• _INPUT DATA_
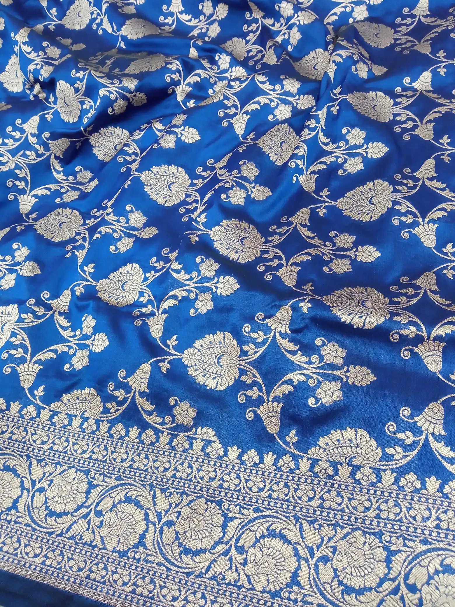 Blue Pure Katan Silk Banarasi Handloom Saree With All Over Jaal Work
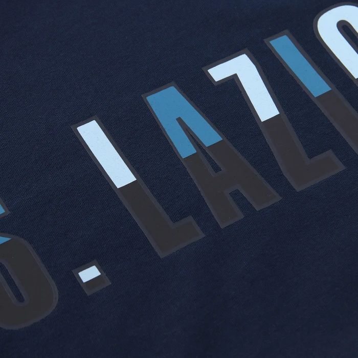 Grafica sfumata "Lazio" e logo Mizuno stampati in gomma al centro del petto. Cuciture a doppio ago su maniche e orlo inferiore.
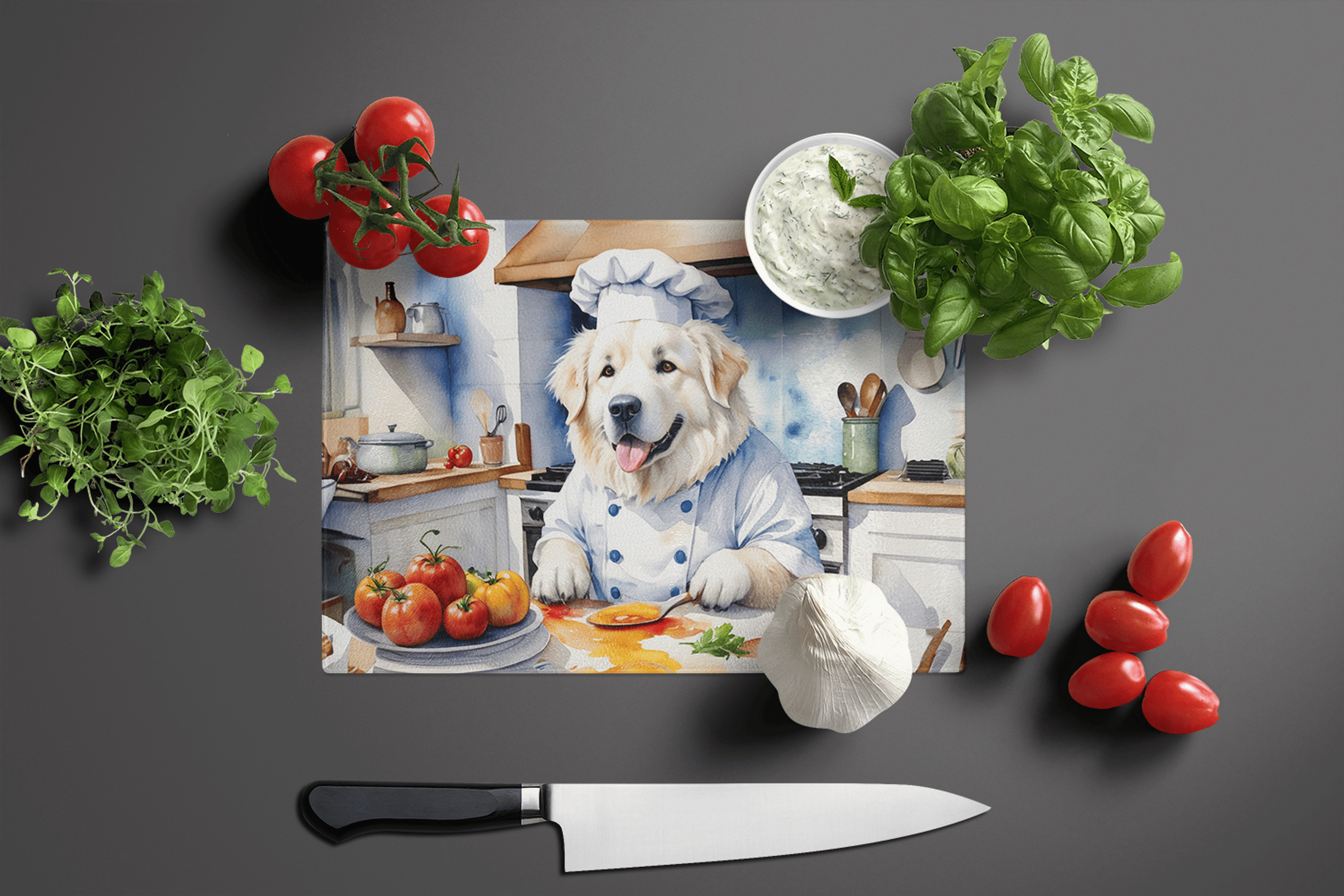 Elevate your kitchen style with the Great Pyrenees The Chef Glass Cutting Board, showcasing a gentle and majestic Great Pyrenees dressed as a chef in charming, artistic detail. Crafted from durable tempered glass, this board provides a non-porous, stain- and odor-resistant surface ideal for slicing meats, chopping vegetables, or serving snacks. Both functional and decorative, it’s perfect for Great Pyrenees lovers and anyone who appreciates playful yet practical kitchen décor.

• _EXERCISE BRIEF_
Print every line of the material above exactly as it reads, skipping the pictures.

• _ANSWER TO THE EXERCISE_
 Blue Pure Katan Silk Banarasi Handloom Saree With All Over Jaal Work
 Grafica sfumata "Lazio" e logo Mizuno stampati in gomma al centro del petto. Cuciture a doppio ago su maniche e orlo inferiore.
 Elevate your kitchen style with the Great Pyrenees The Chef Glass Cutting Board, showcasing a gentle and majestic Great Pyrenees dressed as a chef in charming, artistic detail. Crafted from durable tempered glass, this board provides a non-porous, stain- and odor-resistant surface ideal for slicing meats, chopping vegetables, or serving snacks. Both functional and decorative, it’s perfect for Great Pyrenees lovers and anyone who appreciates playful yet practical kitchen décor.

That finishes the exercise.